Now if you want to talk true legends, you have to talk about Rocky Bleier.  Back in 1969, Rocky was on patrol in a Vietnam rice paddy when he was shot in the left thigh during an ambush.  While down, an enemy grenade landed nearby, littering his right leg with shrapnel. He was awarded a Purple Heart and Bronze Star although all he ever really wanted was a Super Bowl ring.   That seemed unlikely as doctors told him that he would be lucky to walk, never mind play professional football again.

But Rocky did play again.  In fact, he worked his way back into the starting line-up as the blocking back for RB Franco Harris.  In 1976, he even rushed for 1,000 yards.  Oh and Rocky did get his Super Bowl ring.  Plus, in 1980, he had a tv-movie made about his life starring Robert Urich of “Spenser For Hire” fame.

Now both stories are nice and uplifting.  But the Rock played 11 years, had 3,865 rushing yards, 136 receptions for 1,294 yards, and scored 25 touchdowns.  Comparing him to some schmuck who played sparingly in parts of 3 seasons while managing to catch all of ONE pass is like comparing Jim Brown to Bobby Boucher.

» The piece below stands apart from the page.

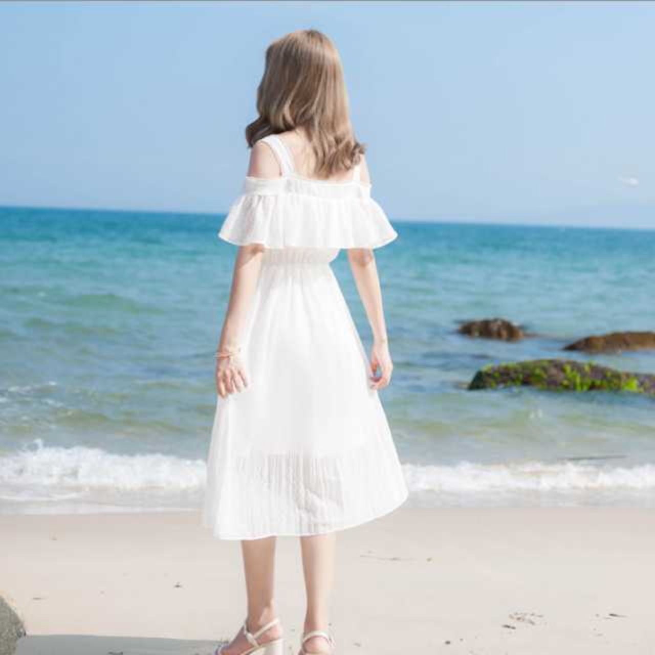 《入荷待ち》夏 ワンピース オープンショルダー ハイウエスト ギャザー フレア 爽やか リゾートワンピース オフショルダー ガーリー 大人可愛い キュート デート ミディ丈 ミモレ丈 小さいサイズ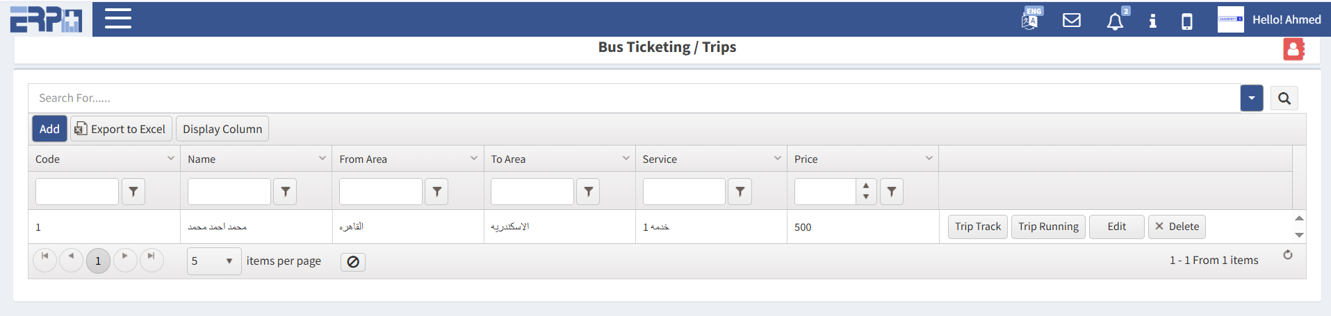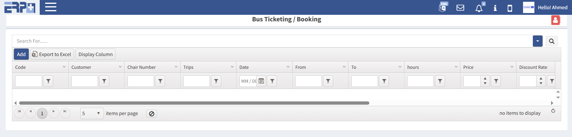 أحدث ثورة في أعمال النقل الخاصة بك باستخدام ERP+. إدارة أساطيل الحافلات وحجوزات المقاعد وإصدار التذاكر الرقمية في منصة واحدة. متكامل تمامًا مع الموارد البشرية والمالية لتتبع الإيرادات في الوقت الفعلي.

#2:  Our coach isn’t a deadbeat.

Steelers head coach Mike Tomlin was named Victoria Secret’s Sexiest Head Coach last season.  Not that it matters to Mike as he appears to be happily married to smokin’ hot wife Kiya and content to raise his three young children in the family-oriented atmosphere of Pittsburgh.  Best of all, Mike’s daughter is named Harlyn Quinn which makes him automatically double-cool for being a comic book geek.

Meanwhile, Eagles head coach Andy Reid‘s idea of “quality time” with his family is appearing in court when his two drug-addled sons are charged with various felonies related to drug use, possession, and related crimes.   Both these bad seeds are currently serving time in the clink, thus showing what kind of parental instruction they had at home.  Well, that might not be fair as the judge in one of their cases described the Reid house as an “Emporium of drugs.”  I know it is shocking that *gasp* one might have easy access to illegal substances in such a fine city as Philly but this shows exactly how much attention Eagle-Eyed Andy paid to his brood.

I’m sure Mike Tomlin works long hours and I’m sure he doesn’t spend as much time with his children as he used to but I doubt he’d be so oblivious as to not notice his kids being whacked on goofballs 24-7.

#1:  They booed Santa.

Seriously, what’s Philly most famous for?

Not the cheesesteaks.  Not the Flyers.  Not the Liberty Bell.  Not even Rocky Balboa.

They’re famous for booing Santa Claus.

Which is just a nice way of saying, they’re famous for being assholes.  If that’s the rep you want to have, more power to you.  I prefer to be named the country’s Most Liveable City but maybe that’s just me.

The game this Sunday will definitely be more than just a football game.  It’ll be more than the Battle for Pennsylvania.   It’ll be a battle between good and evil.  Between the Good Side of the Force and the Dark.  Faith I do have that victory ours will be.